Non-Repeatable Reads : First do select * and then doing select sum(*) reads the same value again but values are changed. Including changes from other committed txs.
Phantom Reads : First some rows are read with a query (for ex: range query) and then new rows were added and upon running the same query again, some newly added rows are present in the result which were not present before.
Lost Updates : For 2 txs T1 , T2. T1 updates some rows, T2 updates conflicting rows, then T1 reads to get inconsistent result.
Basically all these cases are some kindof inconsistency within a transacation where a later query is affected by other txs resulting in a different result.
Isolation Levels for Inflight transactions
Read Uncommitted : No isolation (lowest). Any tx can read any other tx's uncommitted / committed change.

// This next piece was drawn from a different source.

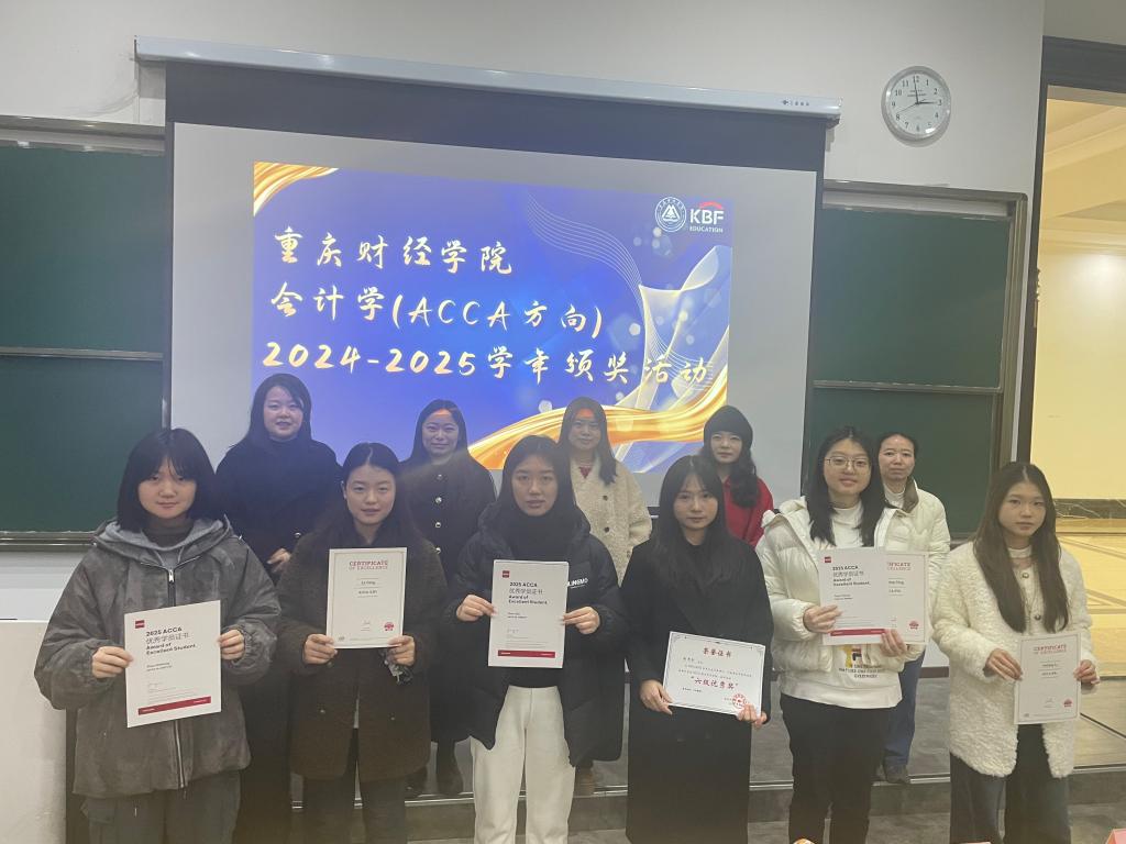 為表彰先進(jìn)、激勵A(yù)CCA學(xué)子,凝聚國際化財會人才培養(yǎng)的奮進(jìn)力量,12月29日下午14:30,重慶財經(jīng)學(xué)院2024 - 2025學(xué)年ACCA頒獎活動于教學(xué)樓1126階梯教室隆重舉行。會計學(xué)院副院長兼ACCA項目負(fù)責(zé)人鮑曉敏、會計學(xué)院教師李茉菡、各年級ACCA輔導(dǎo)員以及楷柏教育高校事業(yè)部重慶地區(qū)主管李春鳳出席了此次活動,全體ACCA方向班學(xué)生共同見證了這一榮耀時刻。

Read Committed : Each query only sees committed changes made by other txs. Default isolation level for many dbs.
Repetable Read : tx will lock the needed rows (read rows) while its running so that other txs cant update it.
Snapshot : Each query only sees changes that has been commited before the start of tx.

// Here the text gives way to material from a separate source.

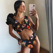 送料無料 2022セクシーアイズプリントビキニ水着女性水着フリルビキニセットウエスト水着水着 AE3553340851391079
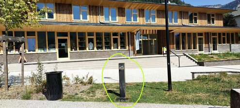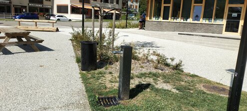 Juste devant le nouveau bâtiment de l'Office de Tourisme, sur le plan de ville, une fontaine-borne.

Serializable : Txs run as if they are serialized.
Special Case of Postgres : in Repeatable read isolation level, phantom reads are blocked automatically
Database implementation of Isolation
- Pessimistic : Row level locks, table locks, page locks.
- Optimistic : No locks, just fail txs if things are changed by other tx inbetween.
Consistency
- Consistency in data
- Consistency in reads
Consistency in Data
Occurs when we have multiple views or representation of data ( Ex: foreign key constraint, multiple tables ).
Factors ensuring consistency in data
- Enforcing referential integrity (foriegn keys). Preventing inconsistency of same data in diff tables (think of likes and no of likes example).
- Atomicity
- Isolation
Consistency in Reads
- If a tx TX1 committed a change, will new tx see the change immediately ?
- In Db clusters like InnoDB cluster where there is a master and 3 slaves, which enforces eventual consitency, we might sometimes get old values before the data is eventually consistent.
Durability
- Persisting writes to db to non-volatile storage systems like disks.
- Changes made by committed txs should be persisted in a durable non-volatile storage
Durability Techniques
- WAL(Write ahead log) : All changes are immediately flushed to disk
- Asynchronous snapshot
- Append only file
WAL (Write Ahead Log):
- Writing a lot of data to disk is expensive
- Conventional DBMSs use compressed version of changes called WAL Segments.
OS Cache:
- A write request in OS usually goes to OS Cache for performance reasons.
- This is a problem, because when OS crashes, all data in cache is lost and db data is not persisted.
- Fsync OS command forces writes to always go to disk.
Repeatable Reads vs Serializable Reads
Consider the following example, where tx1 changes all a's to b's and tx2 changes all b's to a's.
In read-committed / repeatable-read isolation level, only the particular row needed by the transaction are locked. As both txs has uncommon rows, isolation level wont prevent them from updating.
In serializable isolation level, transactions are executed as though they are executed serially.
Try this example, its beautiful !!!
Consistency and Eventual Consistency
2 types
Eventual Consistency in Reads
==Orange== node is master node and ==Green== nodes are slave nodes.
Write updates are given to master node.
Reads take place on any of the 3 depending upon the loads.
Eventually master node shares the write updates to slave nodes. Until then, data remains inconsistent and read values are not the latest one.